___ Source data

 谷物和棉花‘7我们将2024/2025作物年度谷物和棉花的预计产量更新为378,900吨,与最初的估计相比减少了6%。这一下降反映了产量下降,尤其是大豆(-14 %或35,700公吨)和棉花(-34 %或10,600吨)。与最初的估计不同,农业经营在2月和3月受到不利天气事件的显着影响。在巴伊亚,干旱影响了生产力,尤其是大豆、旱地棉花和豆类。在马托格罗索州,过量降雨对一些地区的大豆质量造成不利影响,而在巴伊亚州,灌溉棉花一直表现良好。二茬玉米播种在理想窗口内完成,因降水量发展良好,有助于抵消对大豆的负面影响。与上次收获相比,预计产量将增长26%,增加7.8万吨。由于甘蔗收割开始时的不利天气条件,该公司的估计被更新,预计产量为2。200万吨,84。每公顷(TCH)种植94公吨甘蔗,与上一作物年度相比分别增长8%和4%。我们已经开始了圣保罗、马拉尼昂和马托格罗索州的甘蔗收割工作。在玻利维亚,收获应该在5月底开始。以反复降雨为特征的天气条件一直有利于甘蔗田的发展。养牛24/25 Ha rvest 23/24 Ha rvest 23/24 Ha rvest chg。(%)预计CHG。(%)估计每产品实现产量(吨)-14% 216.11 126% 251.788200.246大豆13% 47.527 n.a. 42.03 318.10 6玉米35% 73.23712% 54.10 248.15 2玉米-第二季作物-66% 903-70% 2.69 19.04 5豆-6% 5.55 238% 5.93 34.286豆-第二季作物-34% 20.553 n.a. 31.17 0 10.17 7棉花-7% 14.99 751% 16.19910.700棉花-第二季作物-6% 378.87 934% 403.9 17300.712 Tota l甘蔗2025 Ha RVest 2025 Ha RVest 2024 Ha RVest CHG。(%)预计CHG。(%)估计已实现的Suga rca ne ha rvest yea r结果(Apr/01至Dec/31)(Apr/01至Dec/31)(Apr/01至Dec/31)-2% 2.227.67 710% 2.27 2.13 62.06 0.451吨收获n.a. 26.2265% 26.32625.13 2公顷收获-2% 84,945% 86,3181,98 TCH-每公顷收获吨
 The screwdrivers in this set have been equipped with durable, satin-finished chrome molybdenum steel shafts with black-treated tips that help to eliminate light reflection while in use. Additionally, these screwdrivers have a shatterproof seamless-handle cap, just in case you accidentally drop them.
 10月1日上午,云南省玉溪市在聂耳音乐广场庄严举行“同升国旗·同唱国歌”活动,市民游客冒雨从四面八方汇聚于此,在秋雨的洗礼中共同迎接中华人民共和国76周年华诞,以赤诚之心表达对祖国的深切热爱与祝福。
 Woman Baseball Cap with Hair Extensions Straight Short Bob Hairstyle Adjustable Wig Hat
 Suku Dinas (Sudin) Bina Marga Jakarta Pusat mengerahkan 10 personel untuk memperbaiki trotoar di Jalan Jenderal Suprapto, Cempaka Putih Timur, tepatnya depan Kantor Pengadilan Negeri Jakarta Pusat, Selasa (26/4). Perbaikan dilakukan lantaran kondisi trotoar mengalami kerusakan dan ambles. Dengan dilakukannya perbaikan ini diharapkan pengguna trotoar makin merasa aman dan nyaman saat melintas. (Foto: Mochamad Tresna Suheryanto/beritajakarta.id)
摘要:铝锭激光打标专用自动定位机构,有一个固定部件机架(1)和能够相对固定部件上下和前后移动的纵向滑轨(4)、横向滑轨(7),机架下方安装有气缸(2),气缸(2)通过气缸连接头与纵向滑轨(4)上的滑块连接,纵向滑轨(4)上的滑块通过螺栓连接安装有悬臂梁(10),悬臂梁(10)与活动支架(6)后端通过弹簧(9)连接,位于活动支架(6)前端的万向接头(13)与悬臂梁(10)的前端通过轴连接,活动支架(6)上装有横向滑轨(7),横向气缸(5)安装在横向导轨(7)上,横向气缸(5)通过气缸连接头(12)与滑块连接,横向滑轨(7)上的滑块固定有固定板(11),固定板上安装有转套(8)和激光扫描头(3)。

______

Look above and repeat, character for character, the lines from the first one to the line with "Woman Baseball Cap", counting both.

 谷物和棉花‘7我们将2024/2025作物年度谷物和棉花的预计产量更新为378,900吨,与最初的估计相比减少了6%。这一下降反映了产量下降,尤其是大豆(-14 %或35,700公吨)和棉花(-34 %或10,600吨)。与最初的估计不同,农业经营在2月和3月受到不利天气事件的显着影响。在巴伊亚,干旱影响了生产力,尤其是大豆、旱地棉花和豆类。在马托格罗索州,过量降雨对一些地区的大豆质量造成不利影响,而在巴伊亚州,灌溉棉花一直表现良好。二茬玉米播种在理想窗口内完成,因降水量发展良好,有助于抵消对大豆的负面影响。与上次收获相比,预计产量将增长26%,增加7.8万吨。由于甘蔗收割开始时的不利天气条件,该公司的估计被更新,预计产量为2。200万吨,84。每公顷(TCH)种植94公吨甘蔗,与上一作物年度相比分别增长8%和4%。我们已经开始了圣保罗、马拉尼昂和马托格罗索州的甘蔗收割工作。在玻利维亚,收获应该在5月底开始。以反复降雨为特征的天气条件一直有利于甘蔗田的发展。养牛24/25 Ha rvest 23/24 Ha rvest 23/24 Ha rvest chg。(%)预计CHG。(%)估计每产品实现产量(吨)-14% 216.11 126% 251.788200.246大豆13% 47.527 n.a. 42.03 318.10 6玉米35% 73.23712% 54.10 248.15 2玉米-第二季作物-66% 903-70% 2.69 19.04 5豆-6% 5.55 238% 5.93 34.286豆-第二季作物-34% 20.553 n.a. 31.17 0 10.17 7棉花-7% 14.99 751% 16.19910.700棉花-第二季作物-6% 378.87 934% 403.9 17300.712 Tota l甘蔗2025 Ha RVest 2025 Ha RVest 2024 Ha RVest CHG。(%)预计CHG。(%)估计已实现的Suga rca ne ha rvest yea r结果(Apr/01至Dec/31)(Apr/01至Dec/31)(Apr/01至Dec/31)-2% 2.227.67 710% 2.27 2.13 62.06 0.451吨收获n.a. 26.2265% 26.32625.13 2公顷收获-2% 84,945% 86,3181,98 TCH-每公顷收获吨
 The screwdrivers in this set have been equipped with durable, satin-finished chrome molybdenum steel shafts with black-treated tips that help to eliminate light reflection while in use. Additionally, these screwdrivers have a shatterproof seamless-handle cap, just in case you accidentally drop them.
 10月1日上午,云南省玉溪市在聂耳音乐广场庄严举行“同升国旗·同唱国歌”活动,市民游客冒雨从四面八方汇聚于此,在秋雨的洗礼中共同迎接中华人民共和国76周年华诞,以赤诚之心表达对祖国的深切热爱与祝福。
 Woman Baseball Cap with Hair Extensions Straight Short Bob Hairstyle Adjustable Wig Hat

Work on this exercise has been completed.